▶ _PROVIDED MATERIAL_
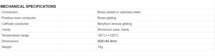 3.5TS10 coaxial fixed attenuator average power 2-50W, frequency range DC-26.5GHz. It has the following characteristics:
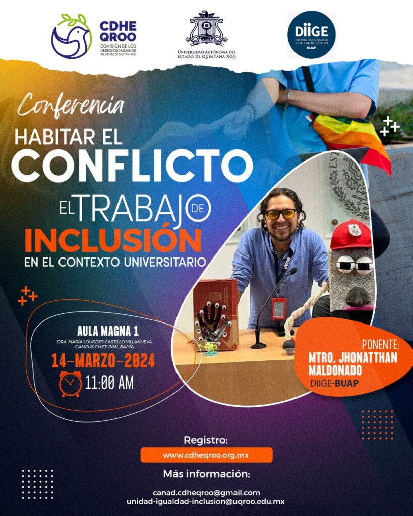 (11/Marzo/2024). -La Comisión de los Derechos Humanos del Estado de Quintana Roo (CDHEQROO), con la colaboración de la Universidad Autónoma de Quintana Roo, que dirige la Dra. Natalia Fiorentini Cañedo, realizarán la conferencia “Habitar el conflicto, el trabajo de inclusión en el contexto universitario”, que partirá sobre los enfoques de diversidad sexo-genérica y discapacidad.
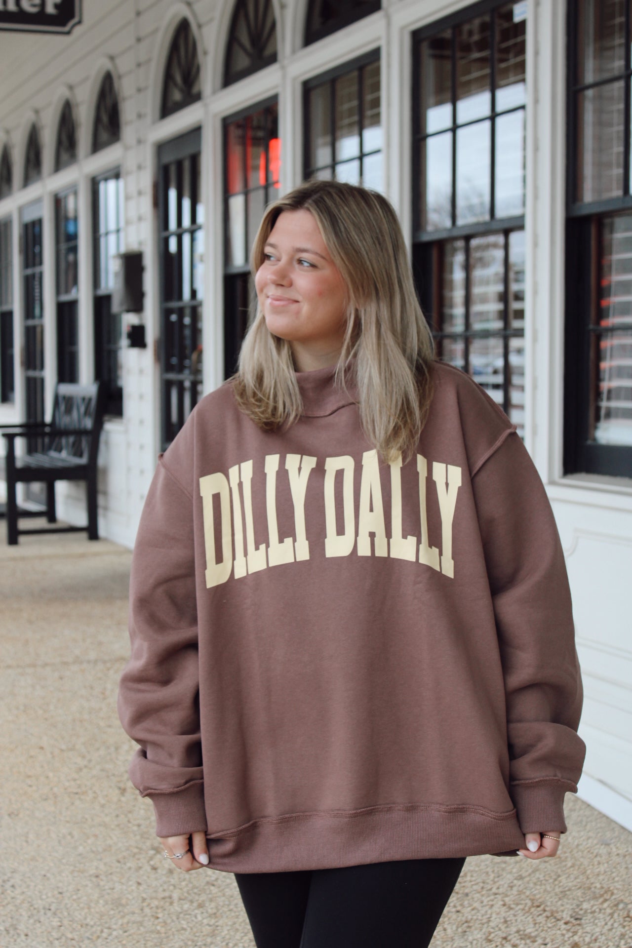 Dilly Dally Mockneck Sweatshirt/ Coffee
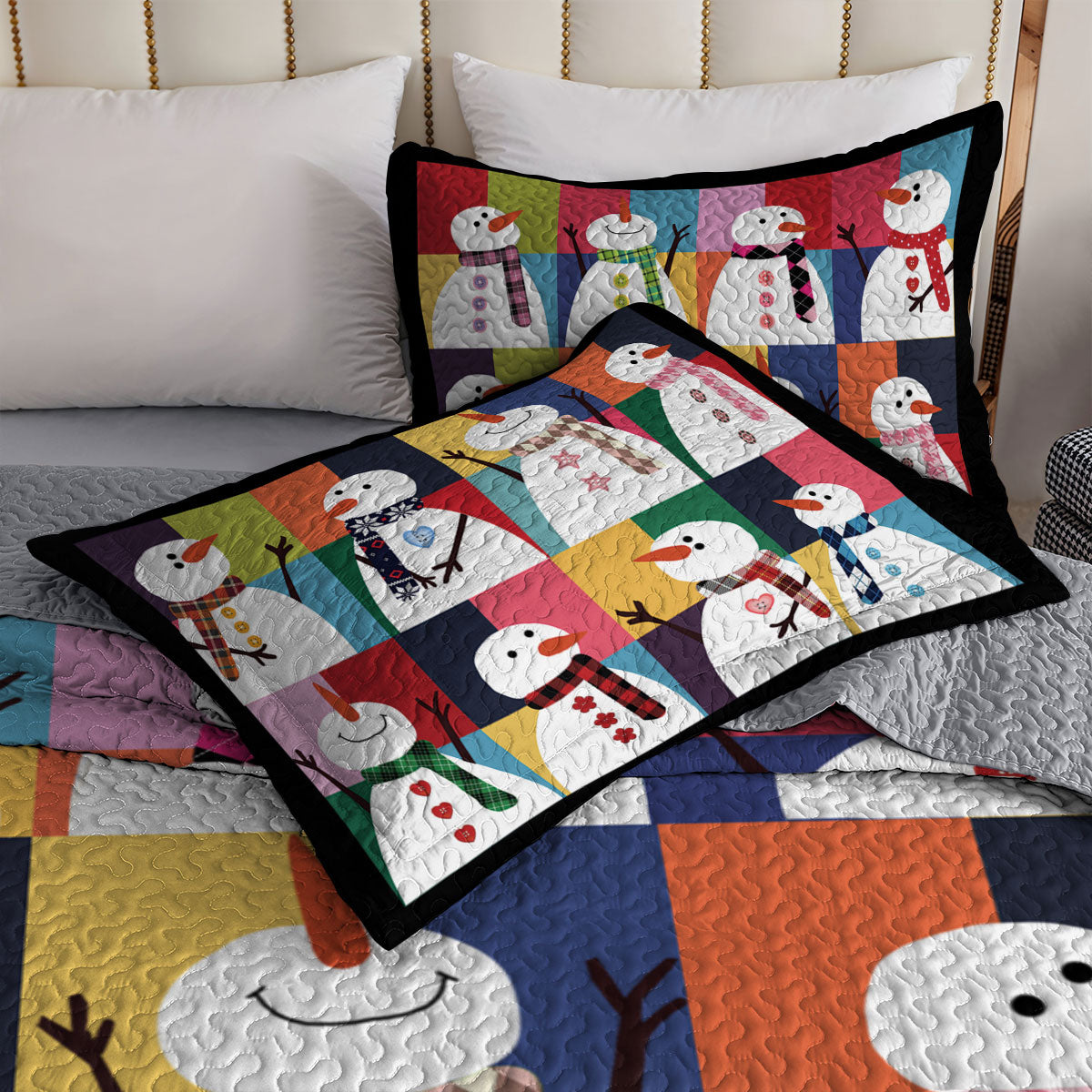 Shineful All Season Quilt 3-Piece Set Colorful Snowman Joy

▶ _WHAT THE TASK ASKS_
Output only these lines, word for word: the line containing "Dilly Dally Mockneck Sweatshirt/ Coffee" and every line after it through the last line of the data. Omit the pictures.

▶ _RESULT FOR THIS EXERCISE_
 Dilly Dally Mockneck Sweatshirt/ Coffee
 Shineful All Season Quilt 3-Piece Set Colorful Snowman Joy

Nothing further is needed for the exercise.